The procedure is as follows: After the original crystal form of the original aripiprazole drug and the two new crystal forms, APZ-H₁ and APZ-H₂, reach dissolution equilibrium, samples are taken and filtered through a 0.22 μm filter membrane. An appropriate amount of filtrate is then collected and the absorbance is measured at a wavelength of 249 nm using UV-Visible spectrophotometry (Chinese Pharmacopoeia, 2020 edition). The absorbance values are substituted into a standard curve to determine the solubility of the original aripiprazole crystal form and the two crystal forms, APZ-H₁ and APZ-H₂, as shown in Table 2.

TABLE 2
Solubility table

Solubility(mg/mL)

	Dissolving	Original crystal
	medium	drug	APZ-H1	APZ-H2
	pH = 1.2,	0.0990	0.0681	0.251
	hydrochloric acid
	solution

The results in Table 2 show that in the pH=1.2 hydrochloric acid solution, the solubility of the APZ-H₂ is significantly higher than that of the original crystal form, while the solubility of the APZ-H₁ is similar to that of the original crystal form.

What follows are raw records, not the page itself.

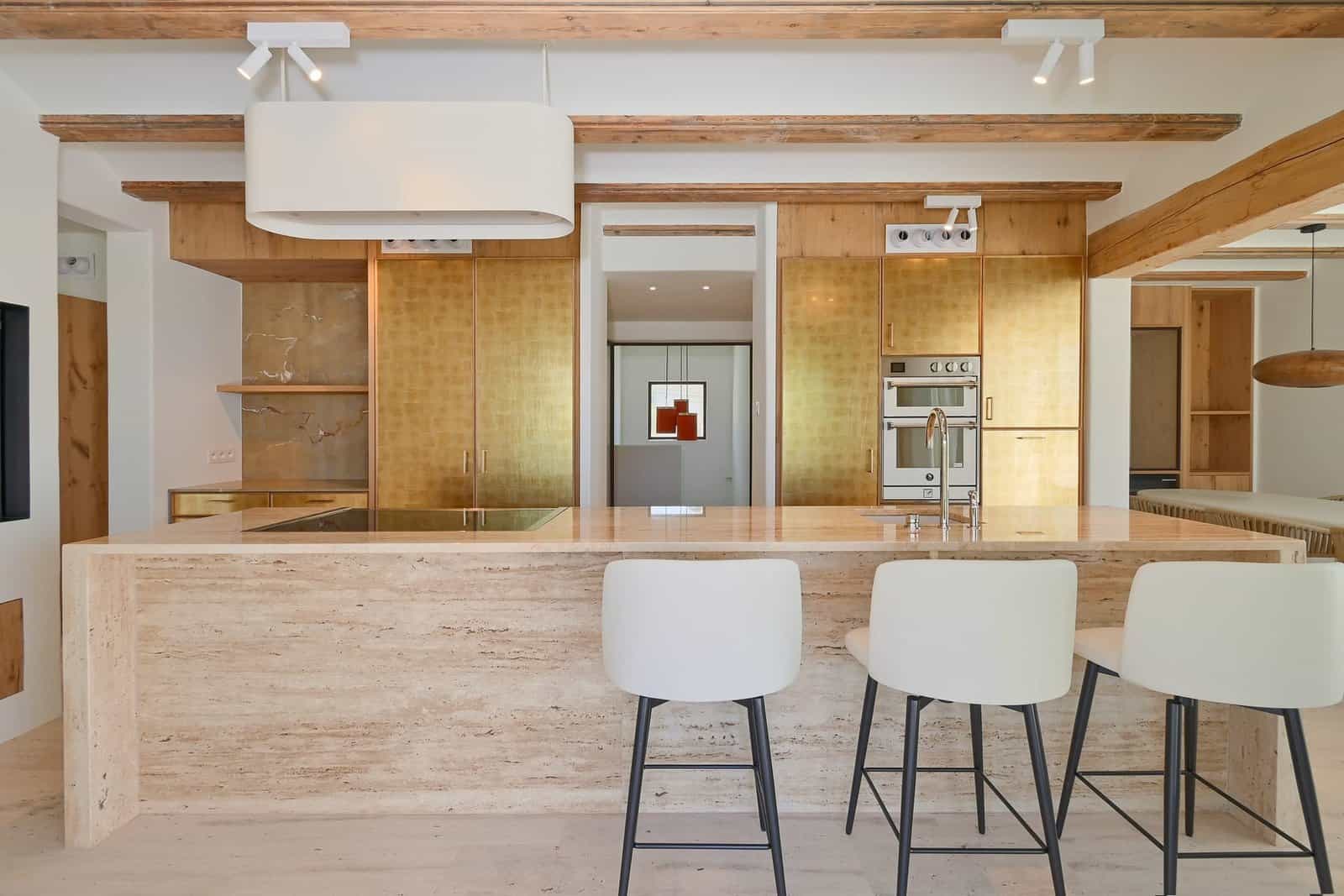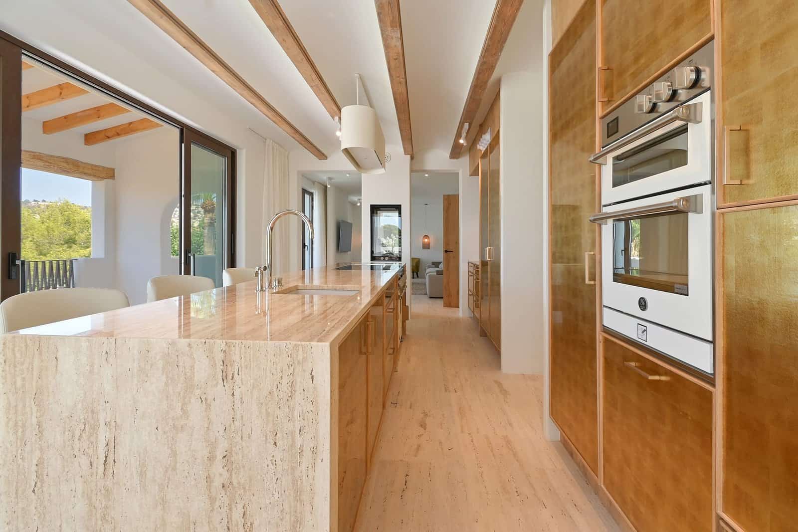 At the heart of the home is a beautifully designed, fully fitted kitchen that blends functionality with timeless elegance. Featuring luxurious travertine countertops in combination with a forgotten Spanish marble and state-of-the-art appliances, this space is perfect for both culinary creations and entertaining. In addition to the showcase kitchen you also have the use of a fully fitted prep kitchen - situated just off the dining area for seamless entertaining.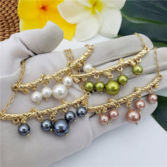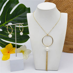 Set Of Pearl Round Earrings And Necklace With Chains In 2 Different Colors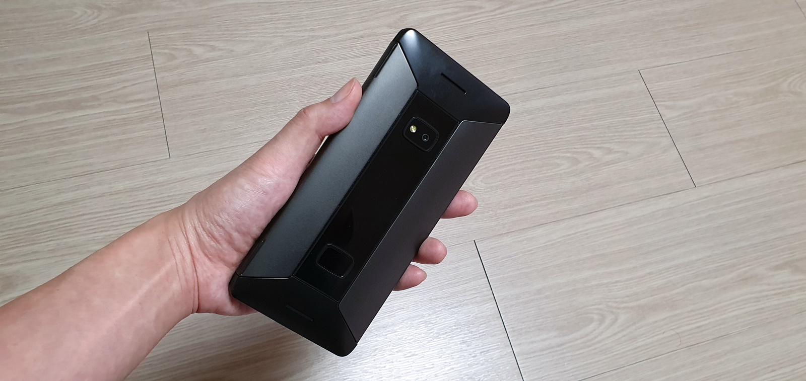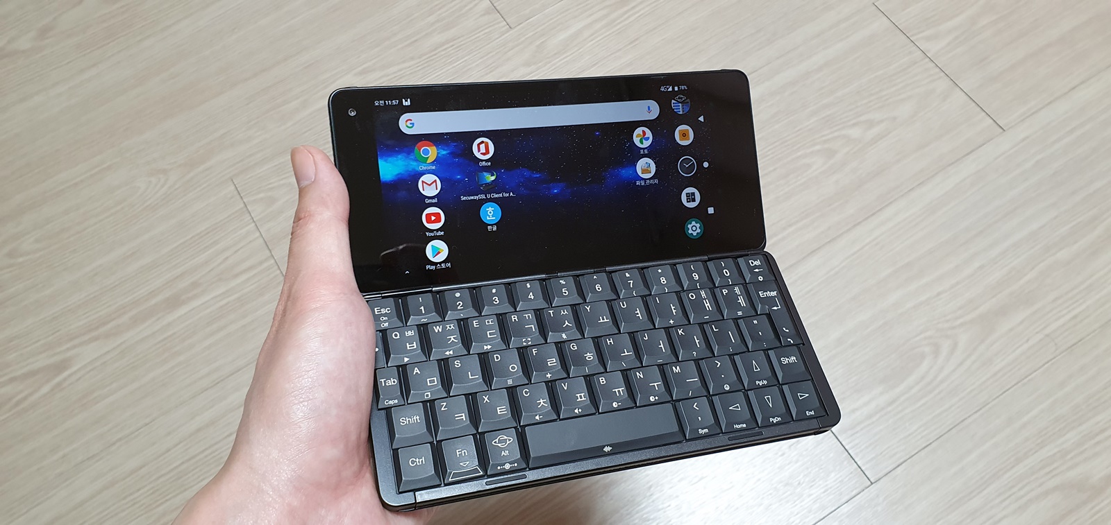 노트북과 같은 형태로 이렇게 펼치면 5.99인치 메인 화면과 물리 키보드를 볼 수 있다오.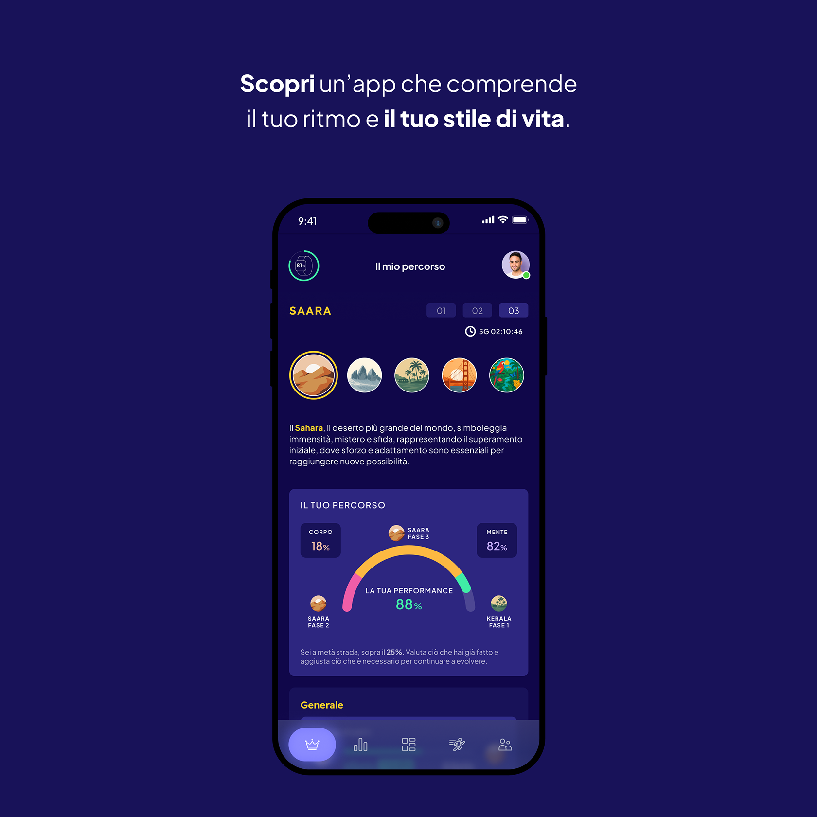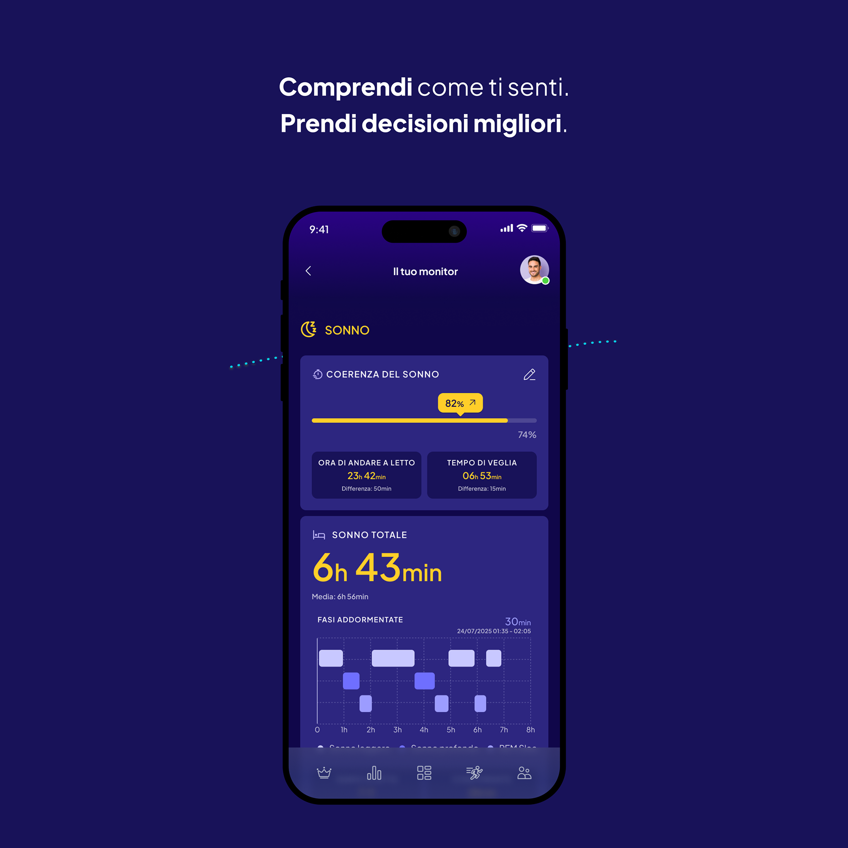 - Mente: analizza il sonno e la concentrazione, guidandoti su come migliorare la tua energia e il tuo focus.

The above are only some embodiments of the present disclosure, and neither the words nor the drawings can limit the protection scope of the present disclosure. Any equivalent structural transformation made by using the contents of the specification and the drawings of the present disclosure under the overall concept of the present disclosure, or directly/indirectly applied in other related technical fields are included in the protection scope of the present disclosure.